Thursday, April 21, 2016


Ink-Slinger profiles by Alex Jay: Alan Maver

Alan B. Maver was born in Manhattan, New York City, on July 5, 1909, according to the New York, New York, Birth Index at

In the 1910 U.S. Federal Census, Maver lived with this Scottish-emigrant parents and four, older New York-born siblings in Manhattan at 727 Columbus Avenue. His father was a carpenter.

The 1915 New York state census listed Maver and his family at 108 West 102nd Street in Manhattan. The address was the same in the 1920 and 1930 censuses. 

Information about Maver’s education and art training has not been found.

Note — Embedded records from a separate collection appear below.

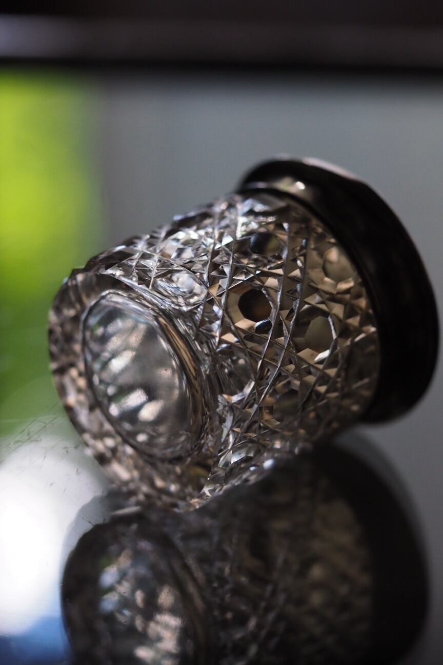 幾何学文様にカットされたガラス容器は小さく真っ直ぐなフォルムで品良くおさまっている。
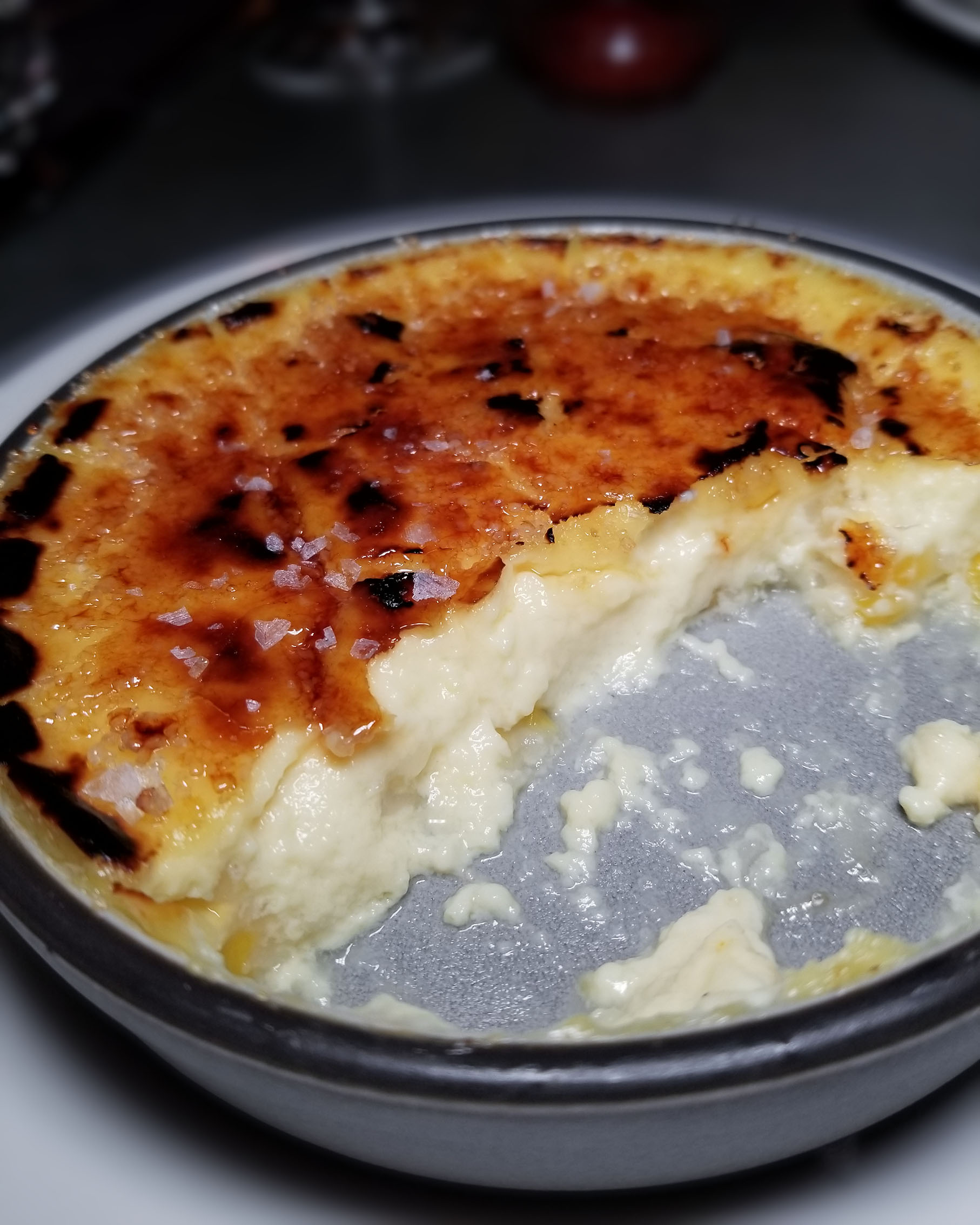 On the side, we gave the corn brûlée another spin, and MAN were we glad that we did. As I expected, with the improvements I outlined above, this dish was a star. Much nicer texture inside (real custard-like), and lighter on the sugar top. PERFECT!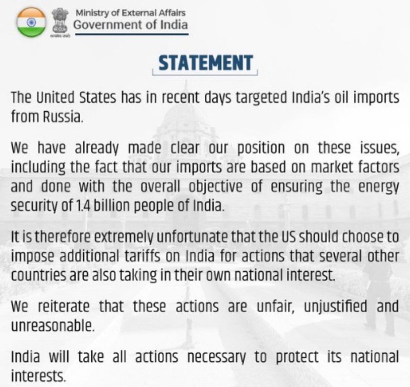 “Es extremadamente desafortunado que Estados Unidos elija imponer aranceles adicionales a India por acciones que muchos otros países también están llevando a cabo en su propio interés nacional. Reiteramos que estas acciones son injustas, injustificadas e irracionales”.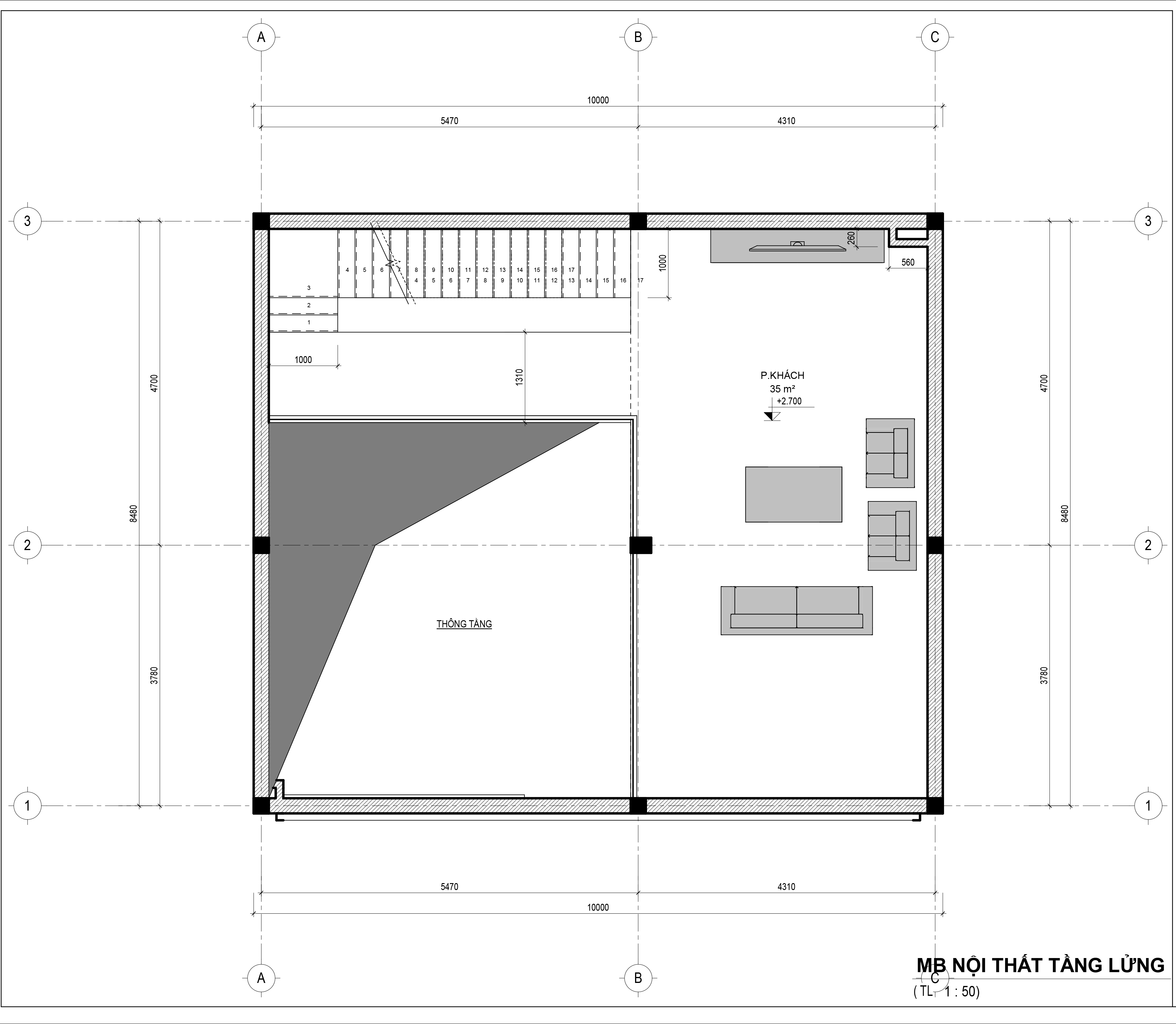 Mặt bằng tầng lửng nhà phố 8,5m x 9,7m

In 1930, the census said Maver was a newspaper reporter and cartoonist. The Town Times (Watertown, Connecticut), February 2, 1978, said, “Maver…began his career as an assistant to Feg Murray, whose work was appearing at the time in the New York Sun. He took over the sports cartoon production six years later when Murray left the paper.” It appears Murray’s sports cartoons began in 1923 with Sports of 1923 from Associated Editors. Presumably, Maver assisted Murray beginning sometime in the mid- to late 1920s. Maver’s sports cartoons were distributed by United Features Syndicate followed by King Features Syndicate in 1948, according to The Day (New London, Connecticut), May 24, 1984. Some of his cartoons, from 1946 to 1967, are here.

Heritage Auctions

American Newspaper Comics said Maver drew the World War II series, Stars in Service, for the United States Treasury Department. Maver also had a brief career in the comic book industry. Some of that work is here.

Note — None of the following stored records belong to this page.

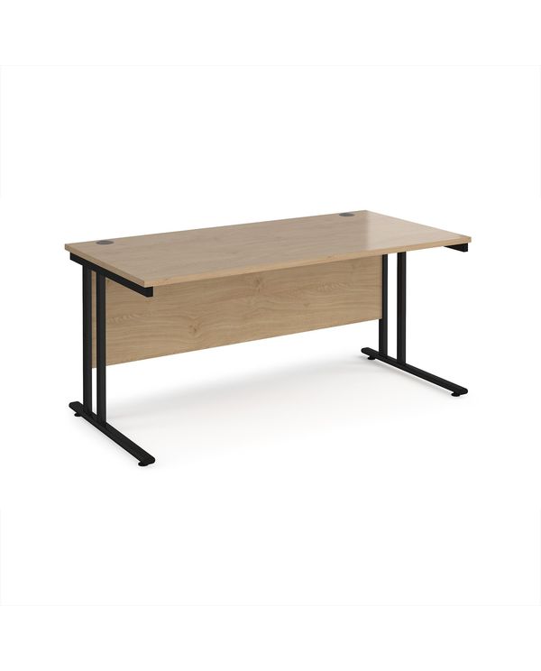 Maestro 25 straight desk 1600mm x 800mm - black cantilever leg frame, Kendal oak top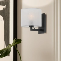 The Elgar indoor wall light is where timeless elegance meets modern charm. Featuring a sleek metal frame in your choice of nickel or black, it’s topped with a classic drum-shaped fabric shade that casts a warm, inviting glow. Whether you’re setting the mood for a cosy evening or adding a touch of sophistication to your space, the Elgar does it with effortless grace.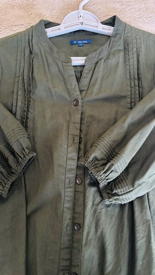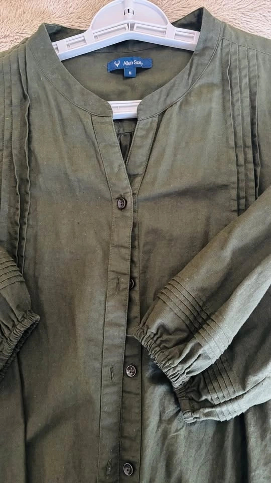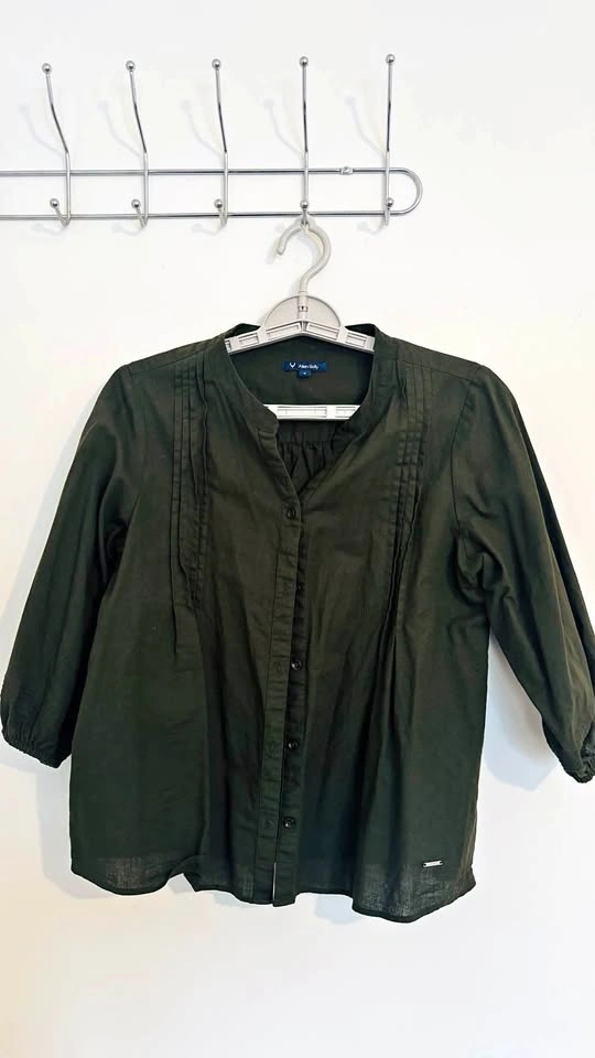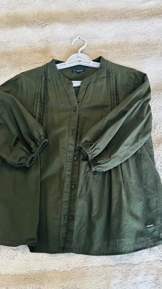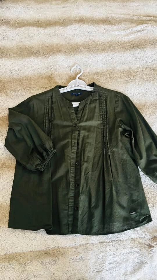 Elevate your everyday wardrobe with this sophisticated olive green blouse from Allen Solly. Featuring a unique mandarin-style collar and a button-down front, this top offers a perfect blend of casual comfort and professional polish.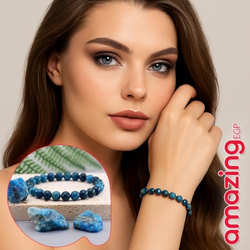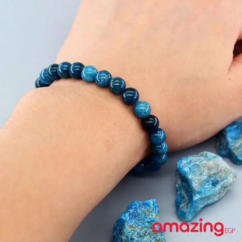 THE PACK - سوار خرز من حجر الاباتيت الازرق الطبيعي، 23 سم، مجوهرات احجار كريمة مرنة للجنسين لليوجا والتامل من اميزينج اي جي بي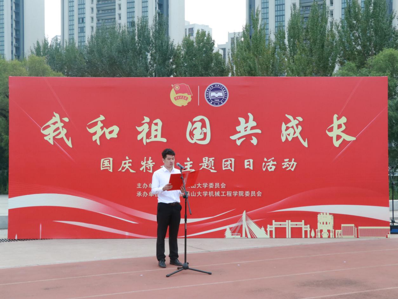 【新闻中心讯】为庆祝中华人民共和国成立75周年,深入贯彻党的二十大和二十届三中全会精神,进一步引导广大青年坚定理想信念,厚植爱国情怀,9月28日上午,由燕山大学团委主办,机械工程学院团委承办的“我和祖国共成长”国庆特别主题团日活动在第一体育场举办,燕山大学全体专职团干部、学生组织代表参加活动。
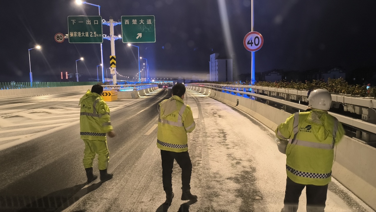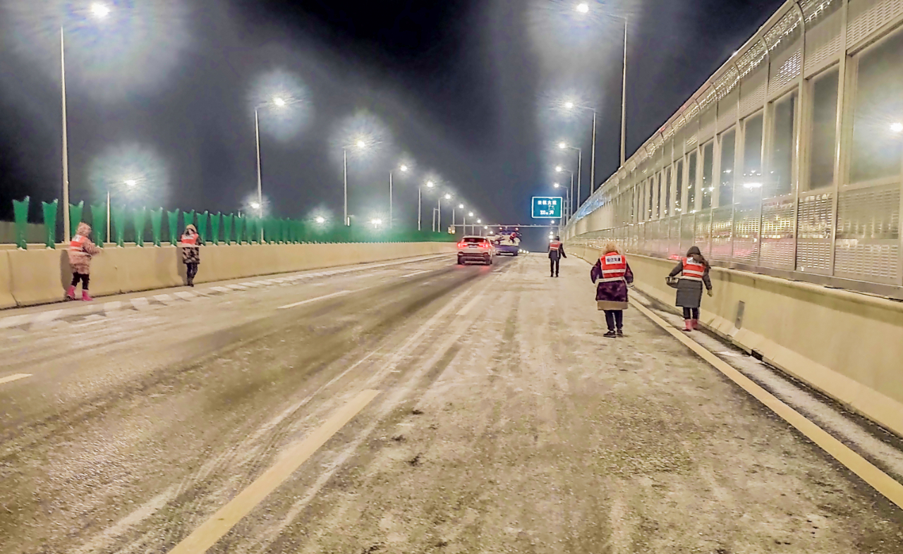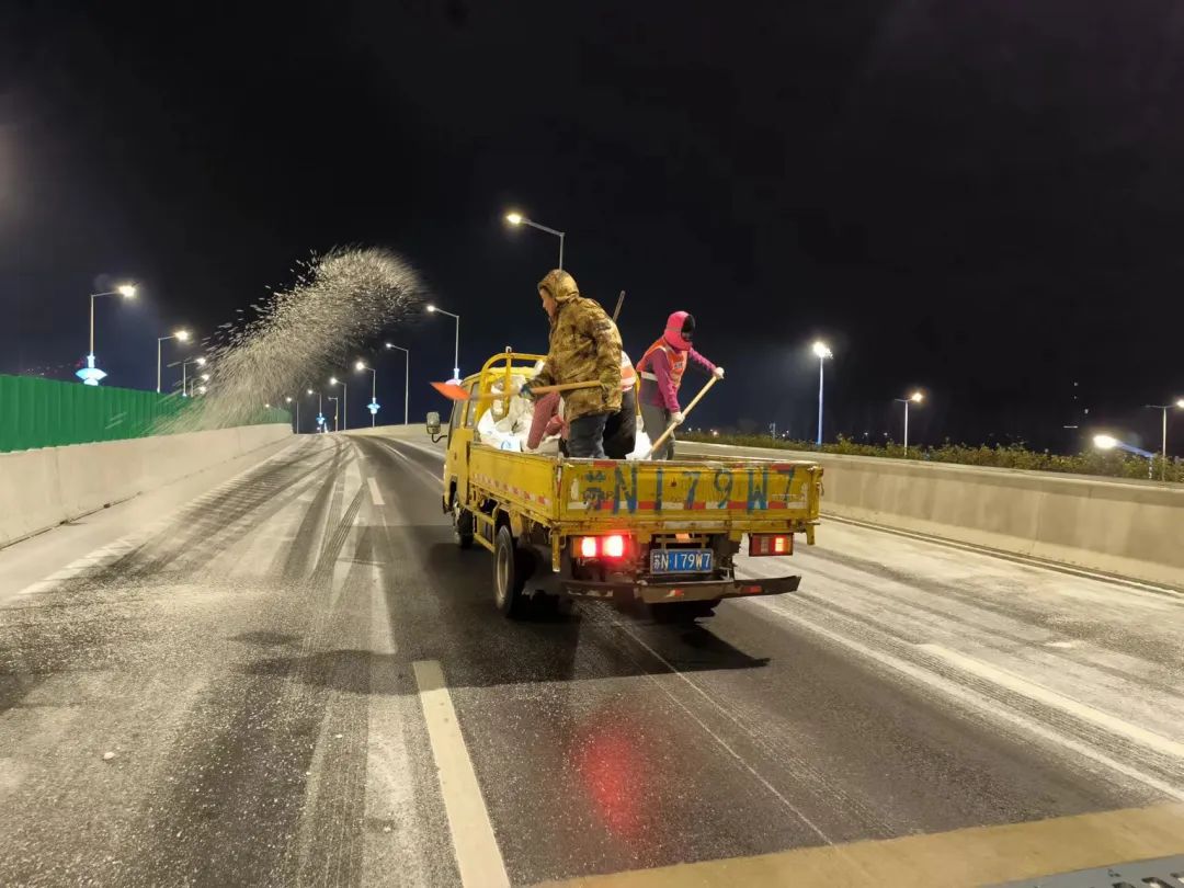 截至12月16日凌晨1时,共使用防滑石子80吨、融雪盐70吨、融雪剂60吨,投入融雪撒布机、扫雪车等作业车辆21台,出动除雪人员200余人次;上海路、迎宾大道、北京路、洋河大道等养护路段全线无结冰通行。

In the 1940 census, Maver lived with his parents and two siblings in the Bronx, New York, at 334 East 205 Street. Manhattan, New York city directories, from 1944 to 1948, listed Maver at 640 Fort Washington Avenue.

At some point Maver moved to 72 Flag Swamp Road, Southbury, Connecticut. Town Times reported Maver’s 1978 art exhibit at the library. Maver had taken up watercolor painting in his spare time. (see page 7, column 3)

Maver passed away May 22, 1984, in Southbury, according to the Connecticut death index. His death was reported two days later in The Day.